Hi all,
I am writing to seek suggestions on solving the error message coming from a Linux server when I tried to run OpenMPI. Specifically, I had the following two command lines to the terminal:
make mpi
mpirun -np 2 ./filename
Both commands run well on my own MacBook terminal. However, when I switch to a Linux server (provided by the university), the first one runs well, but the second one spins out the following error message, although the program seems to be running.
Any suggestion on understanding the message or fixing the issue would be highly appreciated!
SERVER:rank0.FILENAME: Failed to get bond0 (unit 0) cpu set
SERVER:rank0.FILENAME: Failed to get bond0 (unit 0) cpu set
SERVER:rank0: PSM3 can't open nic unit: 0 (err=23)
SERVER:rank0: PSM3 can't open nic unit: 0 (err=23)

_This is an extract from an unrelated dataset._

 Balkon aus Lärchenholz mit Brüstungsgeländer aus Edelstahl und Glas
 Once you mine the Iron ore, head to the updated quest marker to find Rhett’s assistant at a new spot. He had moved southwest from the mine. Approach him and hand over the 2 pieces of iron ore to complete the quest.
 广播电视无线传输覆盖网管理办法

SERVER:rank0.FILENAME: Failed to get bond0 (unit 0) cpu set
SERVER:rank0: PSM3 can't open nic unit: 0 (err=23)
SERVER:rank1.FILENAME: Failed to get bond0 (unit 0) cpu set
SERVER:rank1: PSM3 can't open nic unit: 0 (err=23)

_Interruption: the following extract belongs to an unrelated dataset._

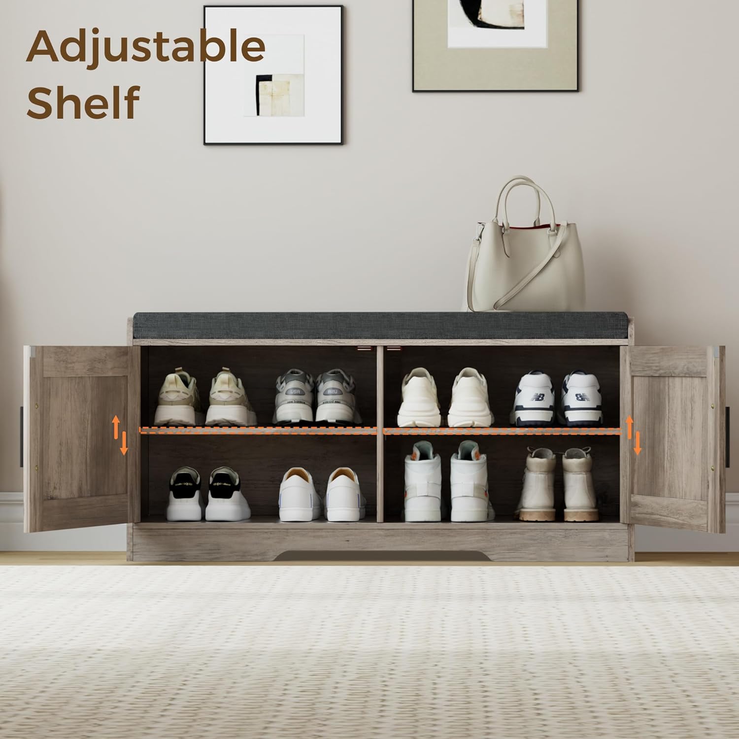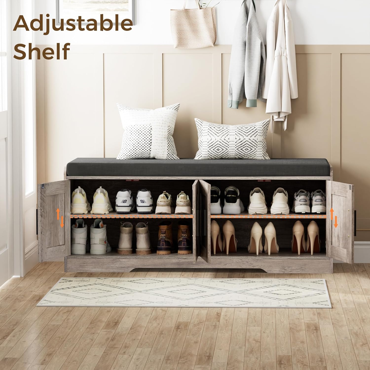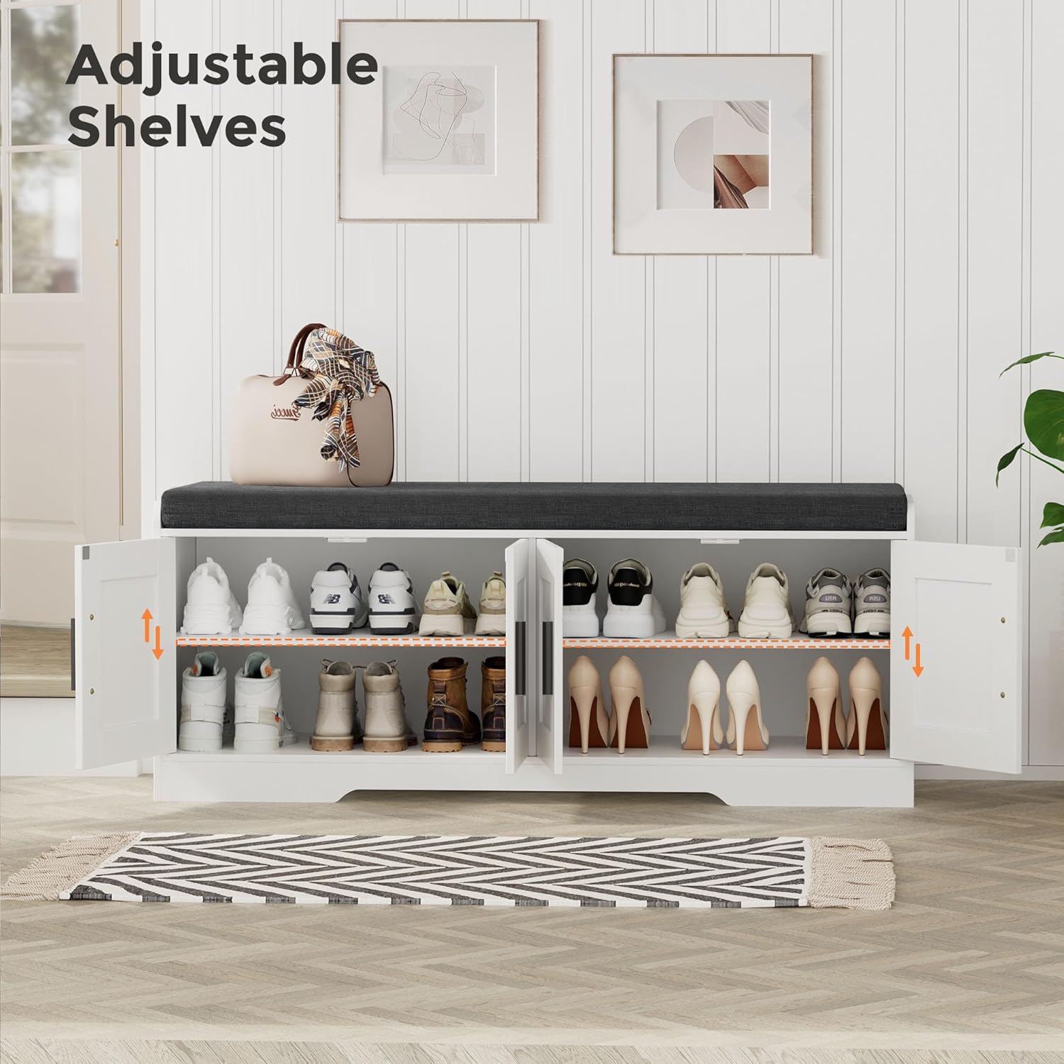 2-Tier Storage Bench, Shoe Bench with Thickened Padded Seat Cushion, Entryway Bench with 4 Doors, Adjustable Shelf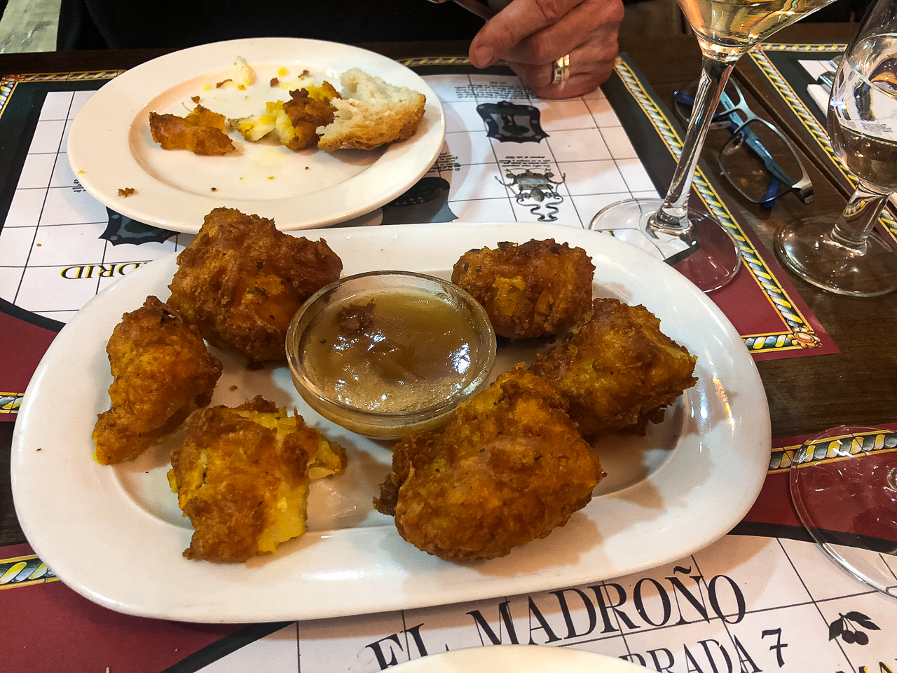 Not literally “fish balls,” but rather Delicias de Bacalao, deep-fried cod fritters served with Madrone sauce, made from the fruit of the Madrone tree and a bit like apple sauce. After we discovered them, we always made it a point to visit on each subsequent trip.

SERVER:rank1.FILENAME: Failed to get bond0 (unit 0) cpu set
SERVER:rank1: PSM3 can't open nic unit: 0 (err=23)
SERVER:rank1.FILENAME: Failed to get bond0 (unit 0) cpu set
SERVER:rank1: PSM3 can't open nic unit: 0 (err=23)
SERVER:rank0.FILENAME: Failed to get bond0 (unit 0) cpu set
SERVER:rank0: PSM3 can't open nic unit: 0 (err=23)
--------------------------------------------------------------------------
Open MPI failed an OFI Libfabric library call (fi_endpoint). This is highly
unusual; your job may behave unpredictably (and/or abort) after this.
Local host: SERVER
Location: mtl_ofi_component.c:513
Error: Invalid argument (22)
--------------------------------------------------------------------------
SERVER:rank1.FILENAME: Failed to get bond0 (unit 0) cpu set
SERVER:rank1: PSM3 can't open nic unit: 0 (err=23)
Hello. I am processor 0 out of 2
Hello. I am processor 1 out of 2
[SERVER:1022598] 1 more process has sent help message help-mtl-ofi.txt / OFI call fail
[SERVER:1022598] Set MCA parameter "orte_base_help_aggregate" to 0 to see all help / error messages
[Sorry, I don’t know how to block quote all this info and decide to use the code mode for the error message.]
Thanks, and I look forward to hearing from you!
Best,
Long